Every national monument tells a tale. They represent the struggles and sacrifices made by our founding fathers for the formation and establishment of Pakistan.
Located in Lahore, Minar-e-Pakistan is one such monument that signifies an “important stone laid” in the creation of Pakistan – a gathering that led to independence. While we all know that it is located at the exact place where the resolution for an independent homeland was passed in 1940,
let’s have a look at some other important details that are definitly worth knowing…
Quaid-e-Azam & Minar-e-Pakistan
Minar-e-Pakistan was constructed as a memorial for The All India Muslim League’s decision to have a separate and independent homeland. It was also built at the same site where Quaid-e-Azam was seated during the event.
Construction Cost & Contributions
The construction work of Minar-e-Pakistan was started in 1960 and it continued for eight years. It was, finally, opened to the public on 31 Oct 1968. While it was built at an estimated cost of more than PKR. 500,000, the money for constructing this monument was raised by imposing additional taxes on cinemas and horse racing. An appeal to the public was also issued by the governor of West Pakistan for contributions.
Courtyard of Minar-e-Pakistan
Another significance of Minar-e-Pakistan is that it embraces the writer of Pakistan’s national anthem; it is the final resting place of Hafeez Jalandhari. He is buried in the courtyard of the monument.
Architectural Design & Aesthetics
The tower, which is a beautiful blend of mughal and modern architecture, was designed and supervised by Nasreddin Murat-Khan. He was an architect and civil engineer. He was assisted by Engineer Abdur Rehman Khan Niazi. Total height of Minar is about 70 meters above the ground.
The base is comprised of four platforms, each of which is built with different stones. First platform is made up of Taxila stones and second was built with hammer-dressed stones.
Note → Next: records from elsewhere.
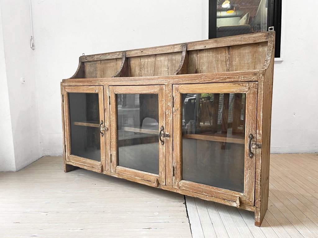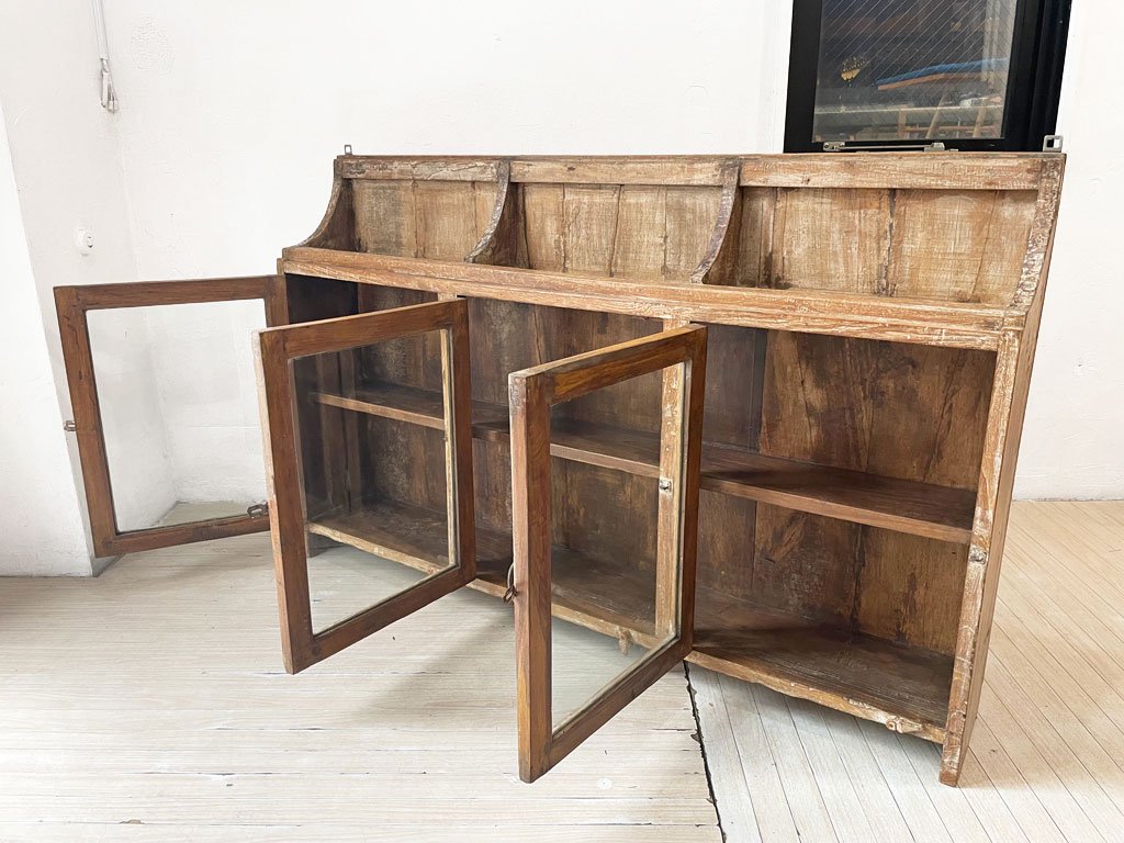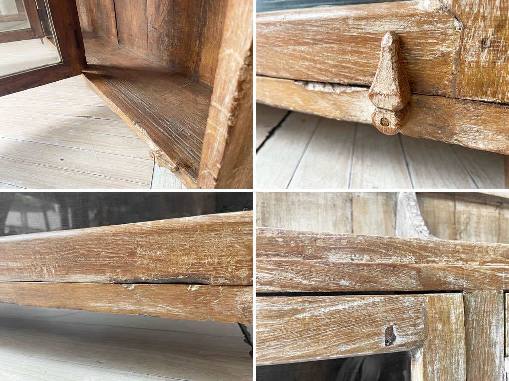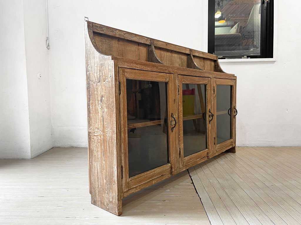 チーク古材ならではの深い味わいとシャビーなヤレた質感を併せ持ったガラスキャビネット。
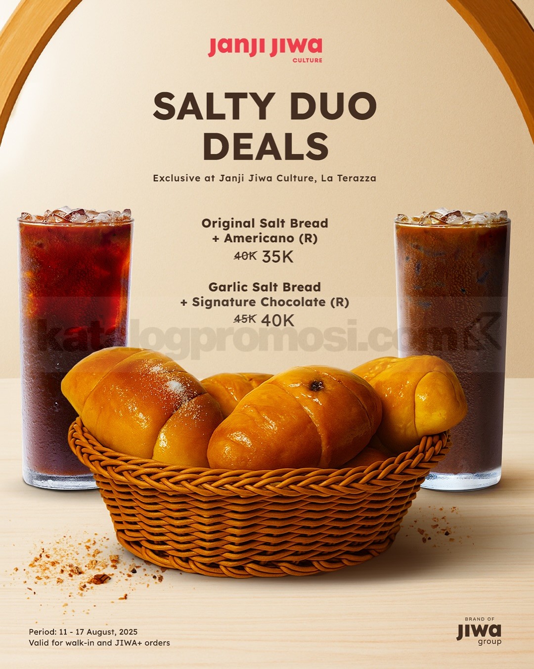 Promo Janji Jiwa Culture Salty Duo Deals mulai Rp18.000 berlaku mulai tanggal 11–17 Agustus 2025 khusus di Janji Jiwa Culture, La Terazza untuk walk-in & JIWA+ orders.
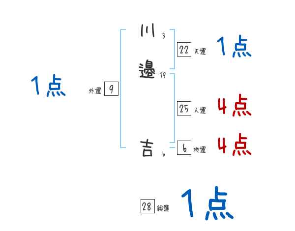 川邉吉さんの画数の鑑定結果
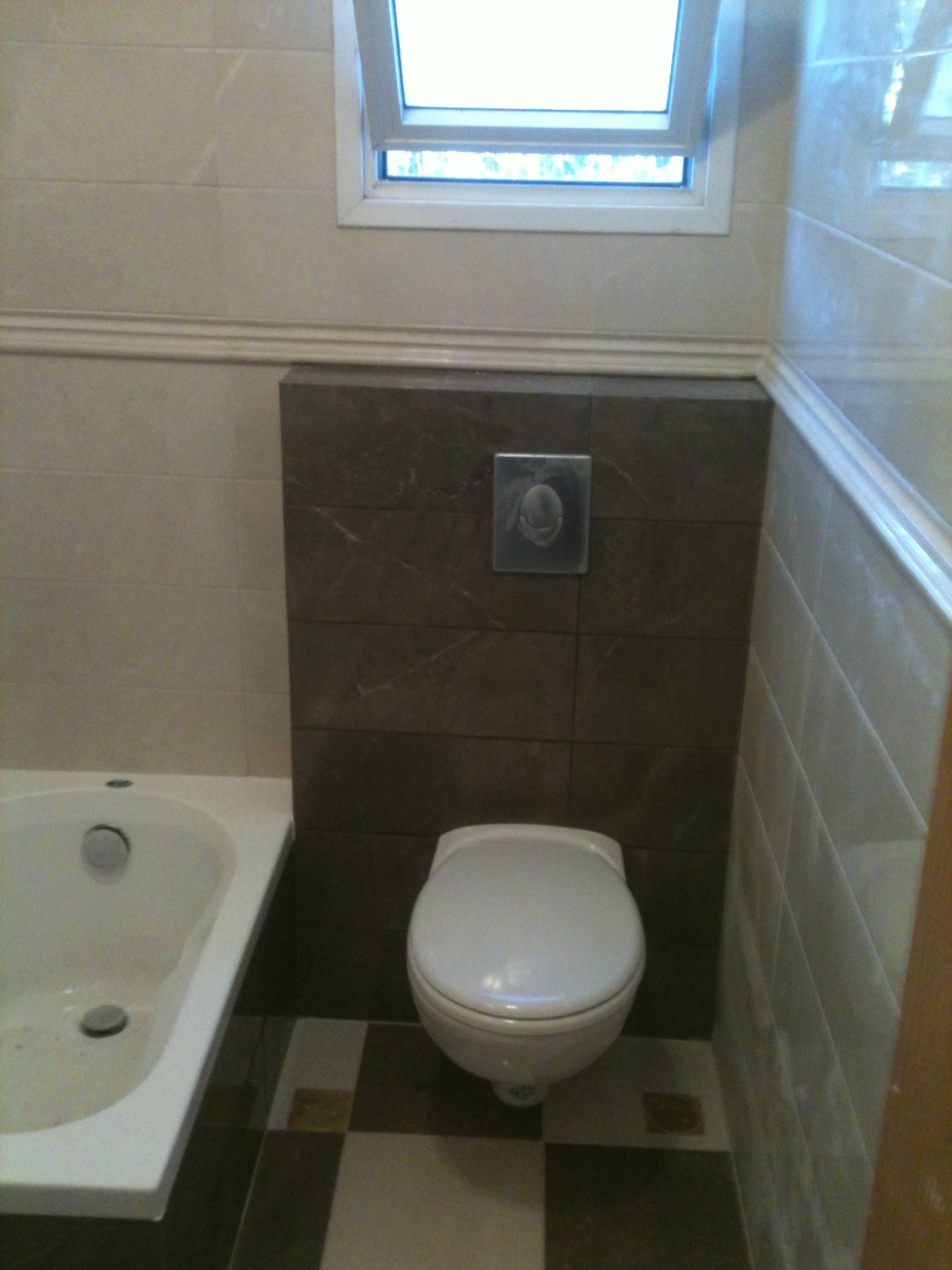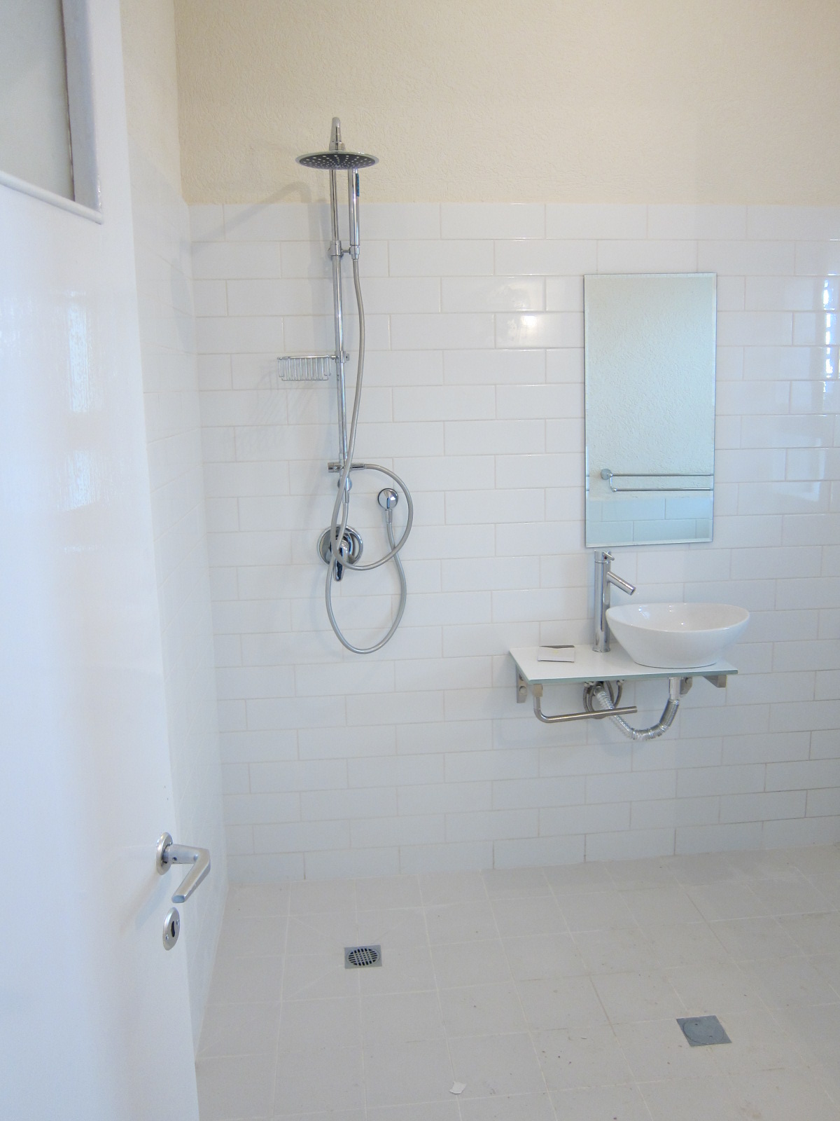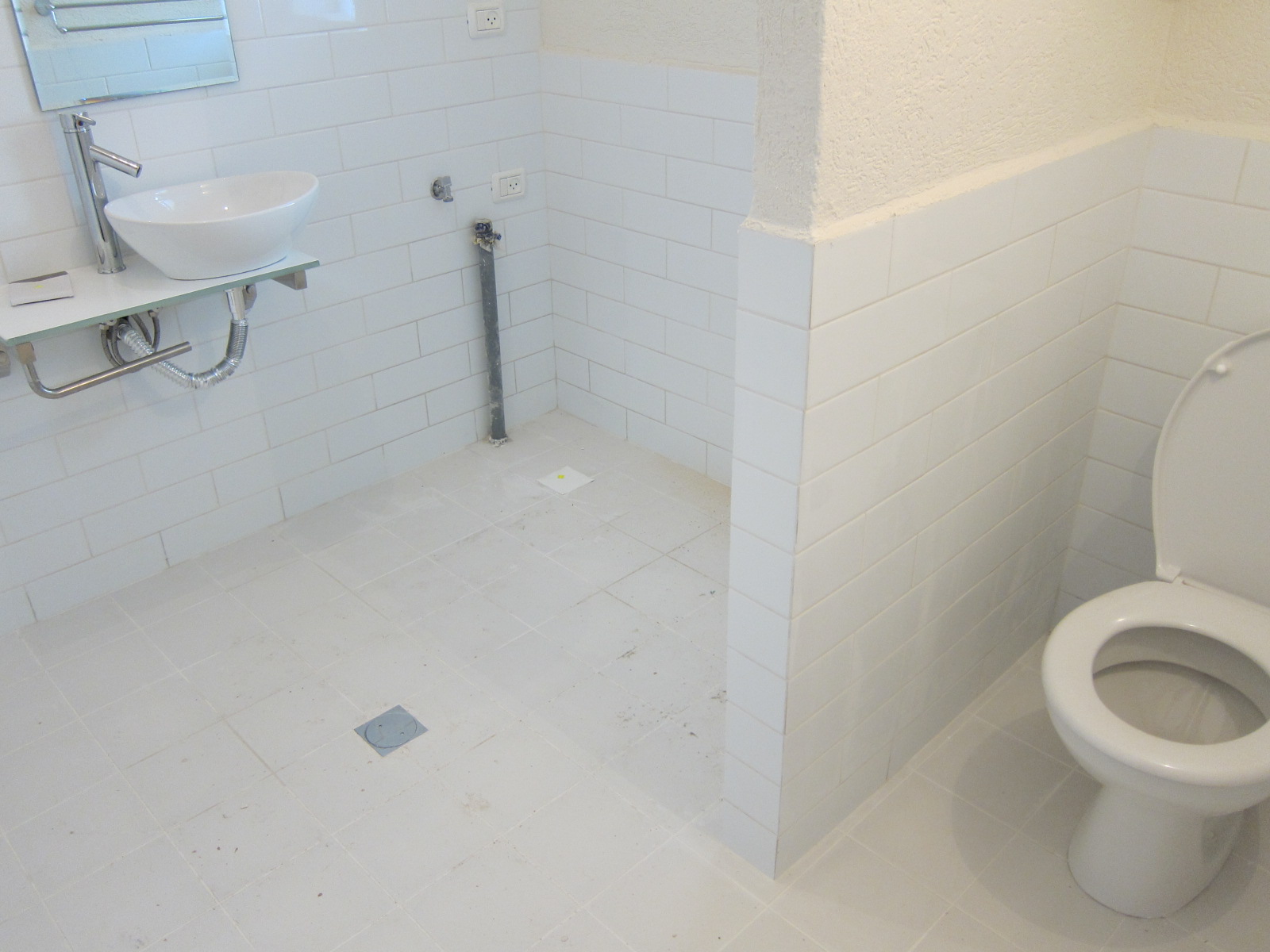 יש לציין שיש לפרק ריצוף קיים במקלחון ע"מ להכניס אמבטייה מתחת והריצוף ייגמר מעל האמבטיה ע"מ שיהיה אטום מפני חדירת מים וזה גונב שני ס"מ מרוחב האמבטיה.

The designers used chiseled stones for the third platform and white marbles for the fourth one.
The Quranic verses, speeches of Allama Iqbal & Quaid-e-Azam, national anthem, as well as the resolution of Pakistan itself is written in various languages on the white marble at the base of the minar.
The rostrum provides a clear scenic view of Badshahi Mosque and some other historic buildings are also located around the vicinity of this monument.
Minar-e-Pakistan denotes the struggle of our founders and forefathers for freedom, and visiting this monument does rekindle the passion and love for Pakistan.